Subscribe to the Non-Human & AI Identity Journal

Dependency Redirection

The act of steering a package install or build process away from the intended trusted source to an attacker-controlled one. It is dangerous because the resulting code may still function normally, letting malicious content enter the environment without immediate detection.

Expanded Definition

Dependency redirection describes a supply chain attack pattern in which an installer, package manager, build pipeline, or other automated retrieval process is induced to fetch code from a source that was not intended by the organisation. The redirected dependency can preserve the expected package name, interface, or version shape, which is why the compromise is often subtle at first. In practice, the risk is not limited to public open-source ecosystems. It also affects internal registries, mirrored artifact repositories, CI/CD jobs, and build scripts that trust upstream resolution rules too broadly.
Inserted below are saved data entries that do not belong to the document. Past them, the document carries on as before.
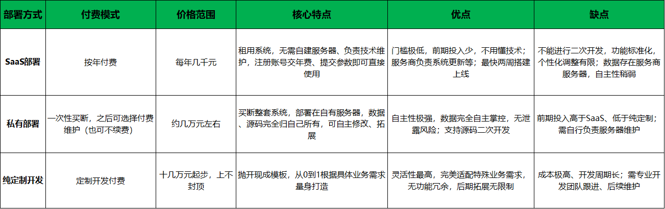 这里给大家一个小建议:90%的中小创业者,前期选SaaS部署就足够了,性价比最高、风险最低,等业务做起来了,再升级也不晚,不用一开始就花大价钱买私有部署或定制开发,避免资金浪费。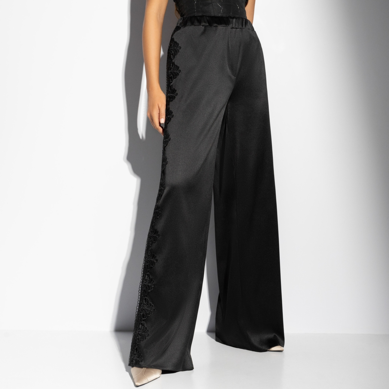 Брюки и корсетный топ – твой чит-код для стильной новогодней вечеринки. А для создания суперэффектных повседневных луков сочетай атлас с офисными рубашками. Как Дуа Липа в своих смелых образах: чем более дерзкий микс, тем круче будет результат! Нарядные широкие брюки с лампасами из кружевной ленты. Брюки на резинке, без карманов. Визуально удлиняют силуэт.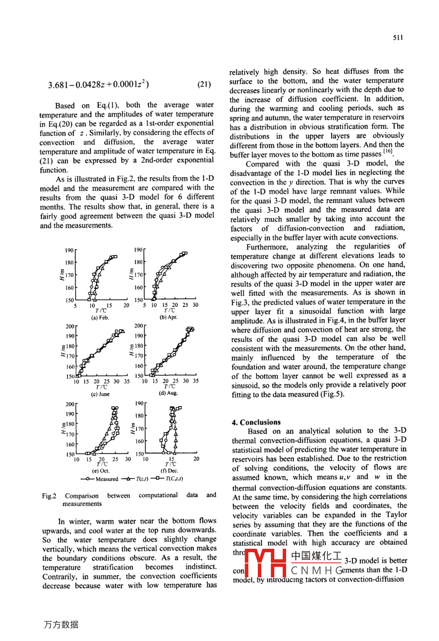 507Available online at www.sciencedirect.comScienceDirect' HHDJoumal of Hydrodynamicswww. sciencedirect com/EL SEVIER2008,20(4):507-513science/joumal/10016058FORECAST OF WATER TEMPERATURE IN RESERVOIR BASED ONANALYTICAL SOLUTION"JI Shun-wen, ZHU Yue-ming, QIANG ShengCollege of Water Conservancy and Hydroelecric Enginering, Hohai University, Nanjing 210098, China, E-mail:jishunwen@hhu.edu.cnZENG Deng-fengWater Power Plant of Sanhe Shangyoujiang, Ganzhou 341212, China(Received June 4, 2007, Revised August 20, 2007)Abstract: The water temperature in reservoirs is dificult to be predicted by numerical simulations. In this article, a statitical modelof forecasting the water temperature was proposed. In this model, the 3-D thermal conductiondiffusion equations were convertedinto a system consting of 2-D equations with the Fourier expansion and some hypotheses. Then the stistical model of forecasingthe water temperature was developed based on the analytical solution to the 2-D thermal equations. The simplified stistial modelcan elucidate the main physical mechanism of the temperature variation much more clearly than the nuimerical simulation with theNavier Stokes equations. Finally, with the presented statistical model, the distribution of water temperature in the Shangyoujiangreservoir was determined.Key words: water temperature, quasi 3-D statistical model, thermal conduction difusion equation, analytical solution, regressionanalysis, factor of radiation1. Introductionparameters into account, in the 1-D statistical modelThe major methods of forecasting the watersome different parameters were introduced for thetemperatures in reservoirs generally include empiricalempirical formulas, and the water temperature wasformulas, statistical models and numerical simulations.calculated with12].Under the assumption of periodical boundaryconditions and with the 1-D thermal equations inT(z,l)=Ce"+C2e" cos(ox-C-c2) (1)hydrodynamics, the empirical formulas presented inRef.[1] can be employed to forecast the distribution ofFurthermore, with the development of the FDMthe water temperature along the depth. However, theand FEM, numerical simulations have beenuse of the empirical formulas is limited to the flows inextensively used to calculate the distributions of thereservoirs and the method may introduce errors ofwater temperature by solving the vortex motionaliasing. In order to overcome the shortcomings ofequations of incompressible viscous fluid. Comparedempirical formulas, recently, some researchers tried towith empirical formulas and statistical models, thestudy and solve this problem from different aspects. Liamount for the numerical work is quite large. Inet al proposed a 1-D statistical model 4. Throughaddition, when there is numerical dispersion ortaking the influences of the flow pattern and the otheroscillation due to some improper treatments about theconvection terms, the prediction quality would b* Project Supported by the National Natural Sciencemuch中國煤化工- rical formulas andFoundation of China (Grant Nos. 50539010, 50539020, andstatist50579080).THCN MH Gcle, a quasi 3-DBiography: JI Shun-wen (1981- ), Malc, Ph. D. Candidatestatistican Houel IU1 uc waci temperature in508reservoirs is established, and some mathematicaldifusion equations could be converted into thedescriptions of the factors, such as the solar radiationfollowing combination of a 2-D thermal equation andand diffusivity, are given. In its second part, somea 1-D thermal equation which can be solvedtests are outlined to validate the model.individually I7:oT. JT_l 子2T。。子2T2. Governing equations+1=K-+h-+Sz(3)2.1 Thermal convectiondiffusiort equationdy)zay2)z2The 3-D thermal convection-diffusion equationswith a source term are defined as [B-6)OT+n,AT_, dT(4)ddz2aT.. T. aT . aT_n 子2TAtdx dy0zdx^2.3 Radiation factorAssume that the source term in Eq.(2) isindependent of time, and then the water temperatureaT. ,子2TJz2-+S,can be considered to reach the equilibrium state ofDy"heat exchange and satisfy Eq.(3). Based on Eq.(3), avertical 2-D numerical model for the solar radiation isT=T。+T。cosor, z=0, t20(2)established, and some mathematical descriptions ofhe factors, such as the source term and the termsrelated to the convection-diffusion, are obtained.where T is the water temperature, I is time, u,VMoreover, it is found that about 80% of theand W are respectively the components of velocityradiation could be absorbed by the superficial layer ofvectors, S denotes the source term, K=v,/σ, isthe water, and only about 5% could reach the depth ofthe thermal conductivity, v, stands for the ceofficientm, that is, the solar radiation decreasesexponentially with the depth of the water. So theof eddy viscosity, and σ, denotes the turbulentshort-wave radiation possesses the penetratingPrandtl number, T。 denotes the annual averagecapacity in water included in Eq.(3) and the sourcetemperature of the water, T is the annual variableterm can be defined as "amplitude of the temperature, 0 is the frequency.In general, the water temperature varies veryS(y,z)=e"g(y)(5)slightly along the dam axis, which meansaT/dx= 0.Firstly, for the bottom of the water, appropriateSo formeeting the requirements of predictionprecision in engineering, the 3-D thermnalconditions have to be applied to solve Eq.(3):conduction-diffusionequationscouldbeapproximately described with a system of 2-Dlim T(y,z)=0,lim S(y,z)=0(6)I→+∞.2- ++∞problems.where both of T(y,z) and S(y,z) are someSource tem:Sze* 'g(v)periodic functions in the y direction. Then, they業(yè)Boundary: T=T。+T。cosoutfollowing equations can be obtained by expandingg(y) and T(y,z) into the Fourier series in the ydirection:Reservoirg(y)=2+2.A, cos nTY+B, sinhty,F(xiàn)ig.1 Conventional diagram for 2-D thermal cquations2.2 Decomposition of the thermal convection-diffusionnty +T(y,z)=+ Z[C,(z)cosAs is shown in Fig.l, the water temperature ismainly influenced by solar radiation and air中國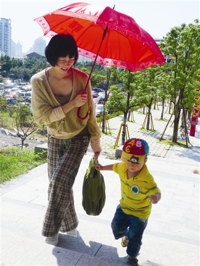 穿起长袖的市民带着宝宝来公园玩耍。碧瑜 摄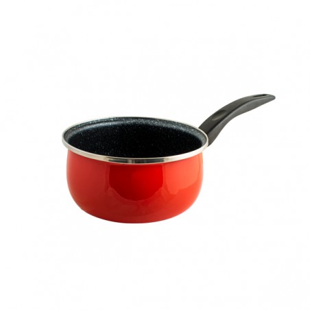 El cazo de acero esmaltado más económico y tradicional, con doble capa antiadherente sin PFOA y mango de bakelita.
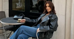 The oversized sweater paired with a denim mini skirt creates such a cool contrast, and those biker boots add the perfect edgy touch. I love how the sunglasses and loose waves complete the effortlessly chic vibe. It’s a great mix of comfort and style, perfect for a city stroll.

This term is closely related to dependency confusion and typosquatting, but it is not identical to either. Dependency confusion typically involves selecting a more permissive external package when an internal one is expected, while dependency redirection is broader and covers any steering of retrieval away from the trusted source. Definitions vary across vendors and incident reports, so NHI Management Group treats the term as a class of source-substitution failures rather than a single exploit path. For governance context, the NIST Cybersecurity Framework 2.0 is useful because it frames the need to manage software supply chain risk, even though it does not name this attack pattern directly. The most common misapplication is assuming package integrity checks are sufficient, which occurs when teams verify hashes after the wrong source has already been trusted.

Examples and Use Cases

Implementing controls against dependency redirection rigorously often introduces build friction, requiring organisations to weigh automation speed against stronger source validation and approval gates.

  • A CI pipeline resolves a library name through a public package registry because the internal mirror is unavailable, allowing an attacker-published package to be pulled in under the expected name.
  • A build script uses a permissive download URL pattern and follows redirects without validating the final host, so a dependency is fetched from an untrusted domain.
  • An internal artifact repository is misconfigured to proxy multiple upstream sources, and a malicious package is accepted because source precedence is not strictly enforced.
  • A developer workstation installs a dependency from a compromised DNS or repository path, and the package behaves normally enough to bypass casual review.
  • Security teams map the risk to software supply chain controls and package governance guidance in NIST SP 800-218, especially where build provenance and component trust need explicit enforcement.

Why It Matters for Security Teams

Dependency redirection matters because it breaks the assumption that the software you requested is the software you received. That failure can introduce backdoors, credential theft code, or subtle tampering into applications, infrastructure-as-code, and deployment tooling before any runtime alert is triggered. The security impact is often amplified in environments that treat build systems as trusted and give them broad access to secrets, signing keys, and deployment permissions. Where NHI is involved, the consequence can extend to stolen API keys, service account tokens, and automation credentials that are embedded in pipelines or fetched during builds.

Security teams need to control source precedence, pin package origins, verify repository trust, and constrain build identities so they cannot freely reach arbitrary networks or registries. Guidance from CISA secure software development resources and software supply chain practices should be applied alongside internal allowlists, signed artifacts, and change monitoring. The issue becomes even more important when agents or automation are permitted to create, update, or deploy code on their own, because a redirected dependency can give that software an attacker-controlled instruction set. Organisations typically encounter the operational impact only after a build produces an unexpected artifact or a production secret is exposed, at which point dependency redirection becomes impossible to ignore.

Standards & Framework Alignment

This section maps relevant standards and security frameworks to the operational risks and controls described in this guidance.

OWASP Non-Human Identity Top 10 address the attack and risk surface, while NIST CSF 2.0, NIST AI RMF, NIST Zero Trust (SP 800-207) and NIST SP 800-63 set the governance and control requirements practitioners need to meet.

Framework Control / Reference Relevance
NIST CSF 2.0 PR.DS-6 Addresses integrity of software and data through supply chain protections.
NIST AI RMF AI RMF applies where agents or GenAI pipelines pull code or tools from untrusted sources.
NIST Zero Trust (SP 800-207) SC-7 Zero trust limits implicit network trust that can enable redirected package retrieval.
OWASP Non-Human Identity Top 10 NHI guidance is relevant when redirected builds can steal service tokens or API keys.
NIST SP 800-63 AAL2 Identity assurance matters when automation identities authenticate to package registries.

Govern autonomous retrieval paths and block uncontrolled dependency selection in AI-enabled workflows.